Every line below should be copied out exactly.

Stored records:

::::

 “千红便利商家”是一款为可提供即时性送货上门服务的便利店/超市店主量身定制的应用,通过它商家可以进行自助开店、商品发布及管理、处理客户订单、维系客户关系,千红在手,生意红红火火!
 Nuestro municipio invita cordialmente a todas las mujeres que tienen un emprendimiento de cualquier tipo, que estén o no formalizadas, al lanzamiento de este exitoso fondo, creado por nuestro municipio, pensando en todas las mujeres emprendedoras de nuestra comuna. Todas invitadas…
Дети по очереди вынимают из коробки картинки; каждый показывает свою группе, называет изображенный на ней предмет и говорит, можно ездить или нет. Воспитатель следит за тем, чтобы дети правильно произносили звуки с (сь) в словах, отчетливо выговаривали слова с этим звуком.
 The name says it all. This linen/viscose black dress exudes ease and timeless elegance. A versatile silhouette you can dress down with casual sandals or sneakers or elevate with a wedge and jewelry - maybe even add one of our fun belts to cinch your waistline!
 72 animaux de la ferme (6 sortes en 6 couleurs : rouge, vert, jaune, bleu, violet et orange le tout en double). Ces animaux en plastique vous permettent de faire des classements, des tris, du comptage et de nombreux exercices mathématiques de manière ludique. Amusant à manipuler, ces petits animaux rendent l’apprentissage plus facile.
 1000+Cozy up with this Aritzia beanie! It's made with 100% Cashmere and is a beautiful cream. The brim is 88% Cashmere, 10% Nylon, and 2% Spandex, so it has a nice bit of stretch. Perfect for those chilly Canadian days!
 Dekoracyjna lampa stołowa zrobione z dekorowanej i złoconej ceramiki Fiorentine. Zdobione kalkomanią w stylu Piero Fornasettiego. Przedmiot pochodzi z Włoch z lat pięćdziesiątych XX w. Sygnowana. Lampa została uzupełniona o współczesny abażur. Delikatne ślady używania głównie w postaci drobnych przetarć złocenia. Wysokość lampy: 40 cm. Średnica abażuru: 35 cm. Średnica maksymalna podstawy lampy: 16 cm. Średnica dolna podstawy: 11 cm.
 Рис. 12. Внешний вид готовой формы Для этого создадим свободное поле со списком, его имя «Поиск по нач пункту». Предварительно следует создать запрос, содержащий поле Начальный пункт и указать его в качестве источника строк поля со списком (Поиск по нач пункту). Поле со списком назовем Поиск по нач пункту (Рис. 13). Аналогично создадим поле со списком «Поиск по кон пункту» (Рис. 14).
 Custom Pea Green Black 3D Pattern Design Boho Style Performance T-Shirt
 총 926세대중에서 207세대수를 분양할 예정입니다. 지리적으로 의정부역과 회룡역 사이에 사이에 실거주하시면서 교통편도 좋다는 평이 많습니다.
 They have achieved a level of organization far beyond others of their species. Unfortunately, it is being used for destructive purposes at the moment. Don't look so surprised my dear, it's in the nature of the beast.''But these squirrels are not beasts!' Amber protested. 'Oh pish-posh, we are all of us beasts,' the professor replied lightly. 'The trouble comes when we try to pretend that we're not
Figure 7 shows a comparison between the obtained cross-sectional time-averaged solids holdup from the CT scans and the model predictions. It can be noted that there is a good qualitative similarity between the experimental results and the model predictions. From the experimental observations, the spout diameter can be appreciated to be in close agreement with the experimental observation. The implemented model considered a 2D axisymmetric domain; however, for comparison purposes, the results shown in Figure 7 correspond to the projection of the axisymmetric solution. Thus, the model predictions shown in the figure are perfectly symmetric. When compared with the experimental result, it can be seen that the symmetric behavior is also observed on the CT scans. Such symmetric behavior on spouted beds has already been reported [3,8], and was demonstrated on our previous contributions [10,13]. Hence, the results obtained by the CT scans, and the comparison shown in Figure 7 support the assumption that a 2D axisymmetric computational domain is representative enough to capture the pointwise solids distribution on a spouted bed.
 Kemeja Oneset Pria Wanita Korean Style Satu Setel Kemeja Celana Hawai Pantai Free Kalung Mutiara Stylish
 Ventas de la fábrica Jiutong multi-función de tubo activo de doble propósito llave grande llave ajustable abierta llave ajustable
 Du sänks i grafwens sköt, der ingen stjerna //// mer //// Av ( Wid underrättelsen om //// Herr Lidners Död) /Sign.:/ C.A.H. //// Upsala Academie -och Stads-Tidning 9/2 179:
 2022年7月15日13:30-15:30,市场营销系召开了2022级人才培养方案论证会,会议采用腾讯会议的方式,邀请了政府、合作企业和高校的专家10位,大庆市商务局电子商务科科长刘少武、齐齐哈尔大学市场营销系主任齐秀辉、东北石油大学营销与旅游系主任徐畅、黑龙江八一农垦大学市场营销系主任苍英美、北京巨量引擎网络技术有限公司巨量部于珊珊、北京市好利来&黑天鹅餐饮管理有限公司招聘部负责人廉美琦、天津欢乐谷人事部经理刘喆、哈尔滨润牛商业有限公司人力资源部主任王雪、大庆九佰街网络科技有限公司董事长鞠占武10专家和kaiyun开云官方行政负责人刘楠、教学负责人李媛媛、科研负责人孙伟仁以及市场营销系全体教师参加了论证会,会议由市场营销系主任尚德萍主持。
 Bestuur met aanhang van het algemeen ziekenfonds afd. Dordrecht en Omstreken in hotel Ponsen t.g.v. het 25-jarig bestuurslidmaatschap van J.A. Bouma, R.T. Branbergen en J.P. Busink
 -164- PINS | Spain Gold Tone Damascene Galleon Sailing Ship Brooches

::::

### Answer for this exercise
 “千红便利商家”是一款为可提供即时性送货上门服务的便利店/超市店主量身定制的应用,通过它商家可以进行自助开店、商品发布及管理、处理客户订单、维系客户关系,千红在手,生意红红火火!
 Nuestro municipio invita cordialmente a todas las mujeres que tienen un emprendimiento de cualquier tipo, que estén o no formalizadas, al lanzamiento de este exitoso fondo, creado por nuestro municipio, pensando en todas las mujeres emprendedoras de nuestra comuna. Todas invitadas…
Дети по очереди вынимают из коробки картинки; каждый показывает свою группе, называет изображенный на ней предмет и говорит, можно ездить или нет. Воспитатель следит за тем, чтобы дети правильно произносили звуки с (сь) в словах, отчетливо выговаривали слова с этим звуком.
 The name says it all. This linen/viscose black dress exudes ease and timeless elegance. A versatile silhouette you can dress down with casual sandals or sneakers or elevate with a wedge and jewelry - maybe even add one of our fun belts to cinch your waistline!
 72 animaux de la ferme (6 sortes en 6 couleurs : rouge, vert, jaune, bleu, violet et orange le tout en double). Ces animaux en plastique vous permettent de faire des classements, des tris, du comptage et de nombreux exercices mathématiques de manière ludique. Amusant à manipuler, ces petits animaux rendent l’apprentissage plus facile.
 1000+Cozy up with this Aritzia beanie! It's made with 100% Cashmere and is a beautiful cream. The brim is 88% Cashmere, 10% Nylon, and 2% Spandex, so it has a nice bit of stretch. Perfect for those chilly Canadian days!
 Dekoracyjna lampa stołowa zrobione z dekorowanej i złoconej ceramiki Fiorentine. Zdobione kalkomanią w stylu Piero Fornasettiego. Przedmiot pochodzi z Włoch z lat pięćdziesiątych XX w. Sygnowana. Lampa została uzupełniona o współczesny abażur. Delikatne ślady używania głównie w postaci drobnych przetarć złocenia. Wysokość lampy: 40 cm. Średnica abażuru: 35 cm. Średnica maksymalna podstawy lampy: 16 cm. Średnica dolna podstawy: 11 cm.
 Рис. 12. Внешний вид готовой формы Для этого создадим свободное поле со списком, его имя «Поиск по нач пункту». Предварительно следует создать запрос, содержащий поле Начальный пункт и указать его в качестве источника строк поля со списком (Поиск по нач пункту). Поле со списком назовем Поиск по нач пункту (Рис. 13). Аналогично создадим поле со списком «Поиск по кон пункту» (Рис. 14).
 Custom Pea Green Black 3D Pattern Design Boho Style Performance T-Shirt
 총 926세대중에서 207세대수를 분양할 예정입니다. 지리적으로 의정부역과 회룡역 사이에 사이에 실거주하시면서 교통편도 좋다는 평이 많습니다.
 They have achieved a level of organization far beyond others of their species. Unfortunately, it is being used for destructive purposes at the moment. Don't look so surprised my dear, it's in the nature of the beast.''But these squirrels are not beasts!' Amber protested. 'Oh pish-posh, we are all of us beasts,' the professor replied lightly. 'The trouble comes when we try to pretend that we're not
Figure 7 shows a comparison between the obtained cross-sectional time-averaged solids holdup from the CT scans and the model predictions. It can be noted that there is a good qualitative similarity between the experimental results and the model predictions. From the experimental observations, the spout diameter can be appreciated to be in close agreement with the experimental observation. The implemented model considered a 2D axisymmetric domain; however, for comparison purposes, the results shown in Figure 7 correspond to the projection of the axisymmetric solution. Thus, the model predictions shown in the figure are perfectly symmetric. When compared with the experimental result, it can be seen that the symmetric behavior is also observed on the CT scans. Such symmetric behavior on spouted beds has already been reported [3,8], and was demonstrated on our previous contributions [10,13]. Hence, the results obtained by the CT scans, and the comparison shown in Figure 7 support the assumption that a 2D axisymmetric computational domain is representative enough to capture the pointwise solids distribution on a spouted bed.
 Kemeja Oneset Pria Wanita Korean Style Satu Setel Kemeja Celana Hawai Pantai Free Kalung Mutiara Stylish
 Ventas de la fábrica Jiutong multi-función de tubo activo de doble propósito llave grande llave ajustable abierta llave ajustable
 Du sänks i grafwens sköt, der ingen stjerna //// mer //// Av ( Wid underrättelsen om //// Herr Lidners Död) /Sign.:/ C.A.H. //// Upsala Academie -och Stads-Tidning 9/2 179:
 2022年7月15日13:30-15:30,市场营销系召开了2022级人才培养方案论证会,会议采用腾讯会议的方式,邀请了政府、合作企业和高校的专家10位,大庆市商务局电子商务科科长刘少武、齐齐哈尔大学市场营销系主任齐秀辉、东北石油大学营销与旅游系主任徐畅、黑龙江八一农垦大学市场营销系主任苍英美、北京巨量引擎网络技术有限公司巨量部于珊珊、北京市好利来&黑天鹅餐饮管理有限公司招聘部负责人廉美琦、天津欢乐谷人事部经理刘喆、哈尔滨润牛商业有限公司人力资源部主任王雪、大庆九佰街网络科技有限公司董事长鞠占武10专家和kaiyun开云官方行政负责人刘楠、教学负责人李媛媛、科研负责人孙伟仁以及市场营销系全体教师参加了论证会,会议由市场营销系主任尚德萍主持。
 Bestuur met aanhang van het algemeen ziekenfonds afd. Dordrecht en Omstreken in hotel Ponsen t.g.v. het 25-jarig bestuurslidmaatschap van J.A. Bouma, R.T. Branbergen en J.P. Busink
 -164- PINS | Spain Gold Tone Damascene Galleon Sailing Ship Brooches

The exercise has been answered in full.